All the methods used in this paper underwent 30 epochs, and the average value of 30 iterations was taken as the basis for identifying the ability of the method. Finally, in terms of the robustness of the model, ResNet-18 and MiniRocket had the highest robustness. Except that the accuracy of the MiniRocket method was slightly lower than ResNet-18, it was better than ResNet-18 in recall, F1, and variance. Considering the classification accuracy and calculation time of the model, the MiniRocket model, as a neural network with both depth and width, had a better effect. It showed that the model can overcome the complexity of seismic waveform characteristics while calculating efficiently and has a good application prospect in the study of seismic waveform classification.
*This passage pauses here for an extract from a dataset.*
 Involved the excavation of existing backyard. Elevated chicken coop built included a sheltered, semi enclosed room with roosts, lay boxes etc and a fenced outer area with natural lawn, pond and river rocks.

The accuracy of the unsupervised classification method K-means was lower than 0.4, so it cannot be used in practical research, although it was the most efficient in label-independent methods. The main reason for the poor performance of K-means calculation is that the key features in different event waveforms were not fully extracted. The MiniRocket method can also be used to extract the characteristics of seismic waveforms and then combined with other clustering methods, such as K-means and cluster head. In order to directly extract the decisive features in waveforms, we tried the method of collaborative learning between MiniRocket and unsupervised classification. Firstly, we tried the MiniRocket + K-means method, which directly improved the accuracy to 0.7643, but the values of recall and F1 were relatively low. Since the simple application of K-means clustering leads to the decline in clustering performance, this paper also proposed the MiniRocket + cluster head method. This combined method greatly improved the accuracy of unsupervised classification. The accuracy of the MiniRocket + cluster head method was 84.5%, which was more than two times higher than that of the pure K-means method. Therefore, through this study, a new idea is given for the classification of different earthquake types, and the proposed unsupervised classification method also has a certain application prospect in the identification of unnatural earthquakes in other regions. The classification effect of collaborative learning was further improved, and the variance was minimal, indicating that the model has a certain robustness.
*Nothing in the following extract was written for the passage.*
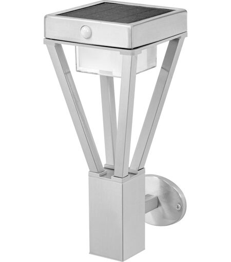 Solarbetriebene Wand- und Pollerleuchten mit Bewegungs- und Lichtsensoren. Produkteigenschaften: Solarbetriebene LED-Außenleuchten, PIR-Bewegungsmelder und Tageslichtsensor, 3 Betriebsarten wählbar, Betriebsart 1: Dauerlicht mit 200 Lumen (max. 2.5 Stunden bei voller Batterieladung), Betriebsart 2: Dauerlicht mit 75 Lumen (max. 8 Stunden bei voller Batterieladung), schaltet bei Bewegung auf 300 Lumen (max. 100 Schaltungen bei voller Batterieladung), Betriebsart 3: Licht aus, schaltet bei Bewegung auf 550 Lumen (max. 100 Schaltungen bei voller Batterieladung), Batterieaufladung mittels Solarzelle, Batterietechnologie: Lithium-Ionen, Gehäuse aus Edelstahl, Produktvorteile: Bedarfsgerechte Beleuchtung und Energieeinsparung mittels Bewegung- und Tageslichtsensor, Einfache Einstellung von Tageslicht- und Bewegungserkennung über Knopfdruck, Energieeffizient durch LED-Technik, Einfache und schnelle Installation, Anwendungsgebiete: Außenanwendung (IP44), Bereiche, in denen kein Stromanschluss verfügbar ist, Technische Ausstattung: Vollständiges Montage- und Anschlusszubehör enthalten, Technische Daten: Länge: 180 mm, Breite: 150 mm, Höhe: 365 mm, Nettogewicht: 1020 g, Nennspannung: 3 V, Bemessungsleistung: 6 W, Energieverbrauch: 6 kWh/1000, Farbtemperatur: 3000 K, Lichtfarbe: Warm weiß, Lichtstrom: 550 lm, Farbwiedergabe: 80 CRI, Lebensdauer: 25000 h, Schaltzyklen: 12500, Dimmbar: Nein, Material: Aluminium, Farbe: Edelstahl, EAN: 4058075564503 ...

Since MiniRocket has the function of feature extraction, this allowed us to visualize the distance in the feature space of different types of seismic events. For this purpose, we used the t-sne method to reduce the dimension of data to two dimensions for visualization. In Figure 5, there are three types of data ground truth labels; visualization results of the feature interval of the supervised MiniRocket method; visualization results of the feature interval of the MiniRocket + K-means method; visualization results of the feature interval of the MiniRocket + cluster head method. The characteristic distance of noise events is far from that of blast and seismic events, while the characteristic distance of blast and seismic events is very close, so it is difficult to distinguish. Although the MiniRocket + cluster head method has some disadvantages in noise identification, it has greater advantages over the MiniRocket + K-means method in distinguishing difficult blast and seismic events.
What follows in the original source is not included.